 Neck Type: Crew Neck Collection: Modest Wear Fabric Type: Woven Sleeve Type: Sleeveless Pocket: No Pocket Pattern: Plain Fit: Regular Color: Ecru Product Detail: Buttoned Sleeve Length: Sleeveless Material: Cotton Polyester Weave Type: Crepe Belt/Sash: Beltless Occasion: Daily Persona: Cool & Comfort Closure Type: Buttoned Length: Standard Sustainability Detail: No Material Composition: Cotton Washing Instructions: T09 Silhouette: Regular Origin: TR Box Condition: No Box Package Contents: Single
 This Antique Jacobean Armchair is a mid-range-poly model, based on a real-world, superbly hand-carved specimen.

--

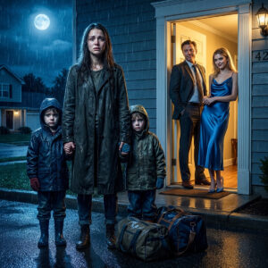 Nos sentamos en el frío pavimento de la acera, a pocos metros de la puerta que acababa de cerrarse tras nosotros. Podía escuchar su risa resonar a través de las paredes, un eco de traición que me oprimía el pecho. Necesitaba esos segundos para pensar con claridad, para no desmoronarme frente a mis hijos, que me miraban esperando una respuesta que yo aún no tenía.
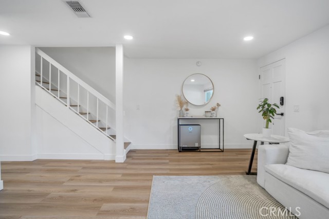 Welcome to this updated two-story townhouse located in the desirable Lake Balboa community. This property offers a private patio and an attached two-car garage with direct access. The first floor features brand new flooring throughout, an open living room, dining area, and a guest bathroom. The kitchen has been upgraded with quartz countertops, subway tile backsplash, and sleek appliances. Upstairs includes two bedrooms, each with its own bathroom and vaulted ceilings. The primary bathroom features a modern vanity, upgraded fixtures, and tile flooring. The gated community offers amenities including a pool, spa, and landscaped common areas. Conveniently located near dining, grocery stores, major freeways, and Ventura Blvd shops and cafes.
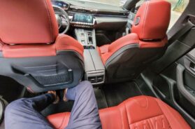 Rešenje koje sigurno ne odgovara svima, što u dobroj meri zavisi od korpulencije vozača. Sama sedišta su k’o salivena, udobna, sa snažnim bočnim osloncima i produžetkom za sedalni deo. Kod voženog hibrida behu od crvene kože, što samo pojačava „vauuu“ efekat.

# WORK INSTRUCTION
Leave the pictures out, and transcribe exactly the lines above starting at the one that contains "Welcome to this" and ending at the one that contains "Rešenje koje sigurno".

# SOLUTION BELOW
 Welcome to this updated two-story townhouse located in the desirable Lake Balboa community. This property offers a private patio and an attached two-car garage with direct access. The first floor features brand new flooring throughout, an open living room, dining area, and a guest bathroom. The kitchen has been upgraded with quartz countertops, subway tile backsplash, and sleek appliances. Upstairs includes two bedrooms, each with its own bathroom and vaulted ceilings. The primary bathroom features a modern vanity, upgraded fixtures, and tile flooring. The gated community offers amenities including a pool, spa, and landscaped common areas. Conveniently located near dining, grocery stores, major freeways, and Ventura Blvd shops and cafes.
 Rešenje koje sigurno ne odgovara svima, što u dobroj meri zavisi od korpulencije vozača. Sama sedišta su k’o salivena, udobna, sa snažnim bočnim osloncima i produžetkom za sedalni deo. Kod voženog hibrida behu od crvene kože, što samo pojačava „vauuu“ efekat.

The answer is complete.